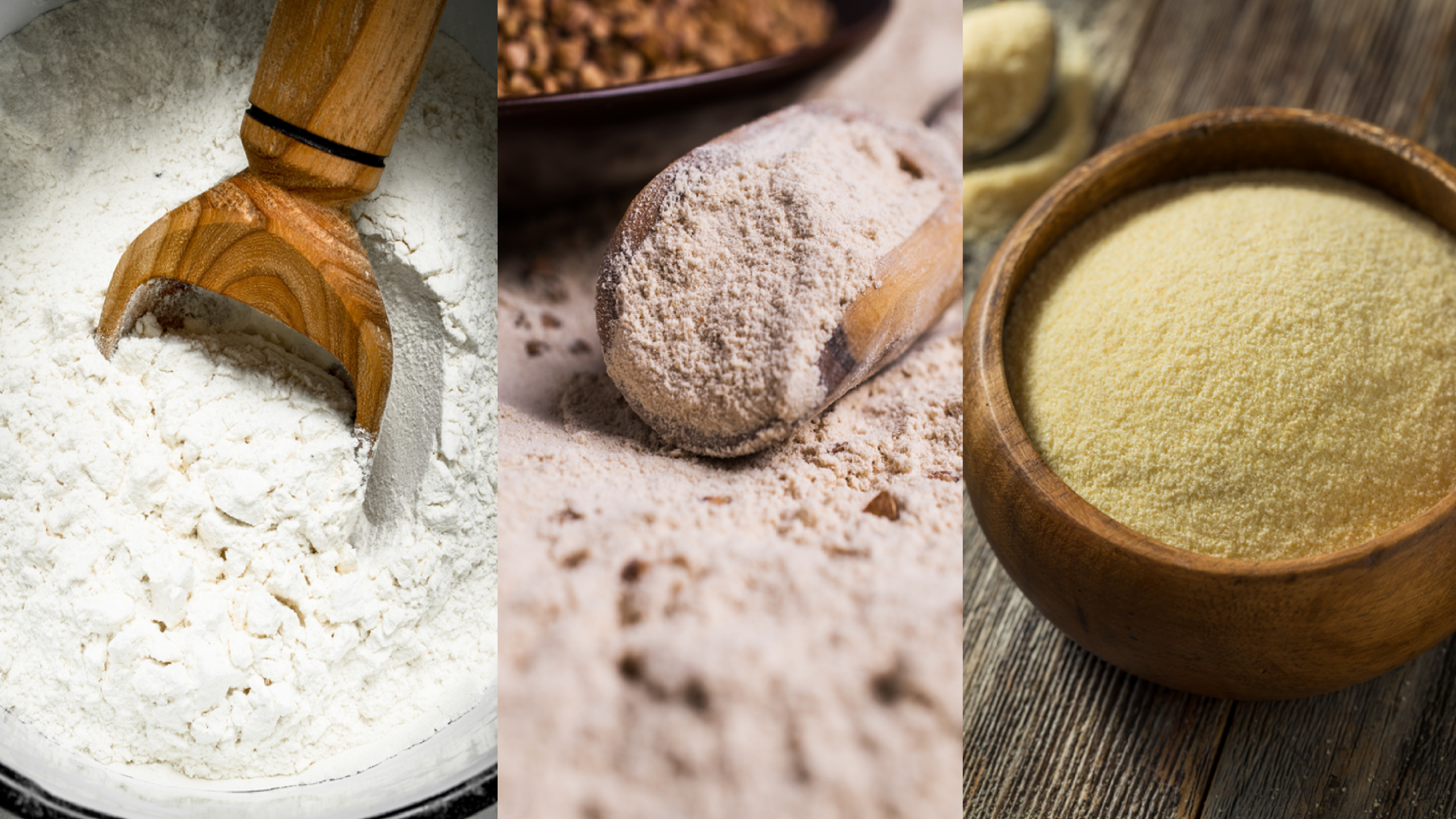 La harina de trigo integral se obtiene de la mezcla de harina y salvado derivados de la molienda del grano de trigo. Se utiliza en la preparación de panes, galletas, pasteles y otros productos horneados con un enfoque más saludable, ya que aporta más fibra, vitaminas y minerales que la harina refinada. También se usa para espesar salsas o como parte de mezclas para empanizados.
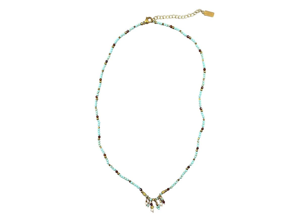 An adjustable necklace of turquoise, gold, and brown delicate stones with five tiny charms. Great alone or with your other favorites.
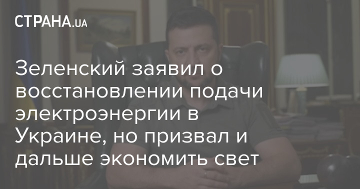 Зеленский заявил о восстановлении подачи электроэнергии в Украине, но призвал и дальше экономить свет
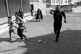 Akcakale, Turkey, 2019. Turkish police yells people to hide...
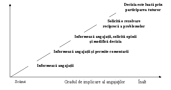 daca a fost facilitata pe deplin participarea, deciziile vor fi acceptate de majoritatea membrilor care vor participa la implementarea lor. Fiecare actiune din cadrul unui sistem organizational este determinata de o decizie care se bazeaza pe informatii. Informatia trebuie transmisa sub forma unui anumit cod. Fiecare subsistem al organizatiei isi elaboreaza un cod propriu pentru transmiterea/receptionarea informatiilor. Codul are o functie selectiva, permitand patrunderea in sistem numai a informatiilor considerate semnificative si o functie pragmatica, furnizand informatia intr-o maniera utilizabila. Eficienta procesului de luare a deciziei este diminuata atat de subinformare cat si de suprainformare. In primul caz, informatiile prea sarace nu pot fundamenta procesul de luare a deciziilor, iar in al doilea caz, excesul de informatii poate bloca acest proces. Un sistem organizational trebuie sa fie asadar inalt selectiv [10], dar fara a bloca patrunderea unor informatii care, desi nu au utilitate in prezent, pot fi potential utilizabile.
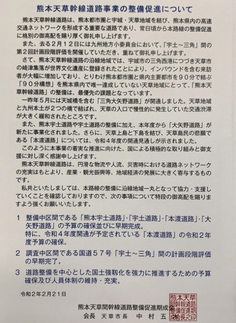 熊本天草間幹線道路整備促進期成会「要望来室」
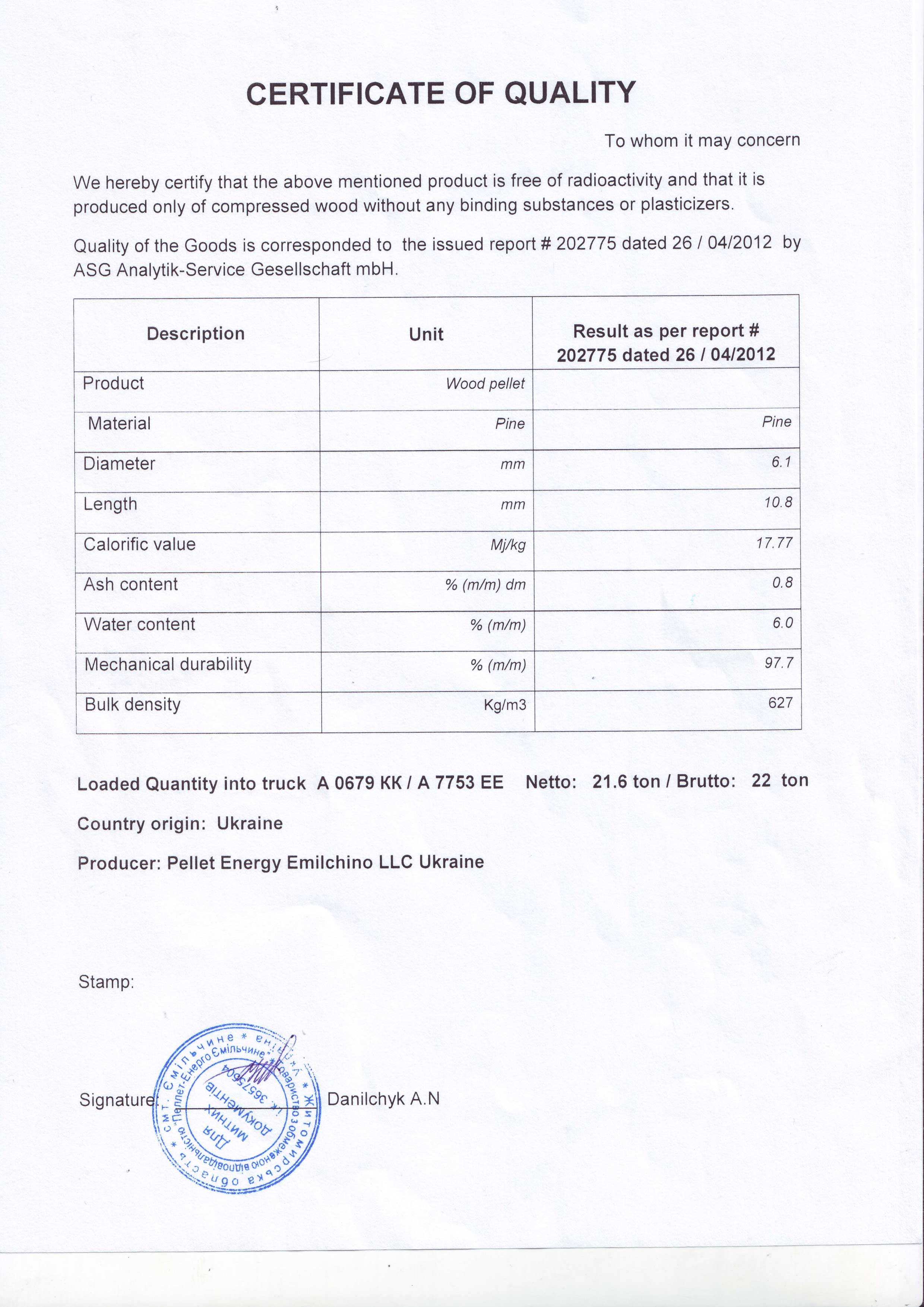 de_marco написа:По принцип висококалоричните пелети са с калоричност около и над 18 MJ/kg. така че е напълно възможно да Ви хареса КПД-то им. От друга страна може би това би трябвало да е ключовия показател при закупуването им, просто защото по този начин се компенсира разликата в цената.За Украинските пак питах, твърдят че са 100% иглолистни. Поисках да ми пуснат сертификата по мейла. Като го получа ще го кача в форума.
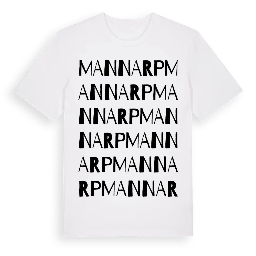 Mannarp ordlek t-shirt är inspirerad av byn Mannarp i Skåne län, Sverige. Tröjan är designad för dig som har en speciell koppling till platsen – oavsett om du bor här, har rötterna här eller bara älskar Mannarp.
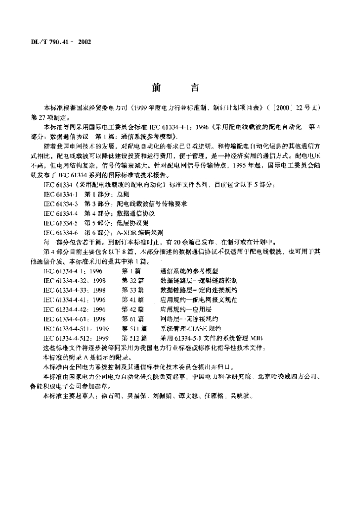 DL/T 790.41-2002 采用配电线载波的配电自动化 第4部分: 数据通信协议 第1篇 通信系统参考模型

**What the exercise asks**
Skipping every picture, transcribe exactly the lines above from the one containing "An adjustable necklace" through the one containing "熊本天草間幹線道路整備促進期成会「要望来室」", both included.

**Response**
 An adjustable necklace of turquoise, gold, and brown delicate stones with five tiny charms. Great alone or with your other favorites.
 Зеленский заявил о восстановлении подачи электроэнергии в Украине, но призвал и дальше экономить свет
 Akcakale, Turkey, 2019. Turkish police yells people to hide...
 daca a fost facilitata pe deplin participarea, deciziile vor fi acceptate de majoritatea membrilor care vor participa la implementarea lor. Fiecare actiune din cadrul unui sistem organizational este determinata de o decizie care se bazeaza pe informatii. Informatia trebuie transmisa sub forma unui anumit cod. Fiecare subsistem al organizatiei isi elaboreaza un cod propriu pentru transmiterea/receptionarea informatiilor. Codul are o functie selectiva, permitand patrunderea in sistem numai a informatiilor considerate semnificative si o functie pragmatica, furnizand informatia intr-o maniera utilizabila. Eficienta procesului de luare a deciziei este diminuata atat de subinformare cat si de suprainformare. In primul caz, informatiile prea sarace nu pot fundamenta procesul de luare a deciziilor, iar in al doilea caz, excesul de informatii poate bloca acest proces. Un sistem organizational trebuie sa fie asadar inalt selectiv [10], dar fara a bloca patrunderea unor informatii care, desi nu au utilitate in prezent, pot fi potential utilizabile.
 熊本天草間幹線道路整備促進期成会「要望来室」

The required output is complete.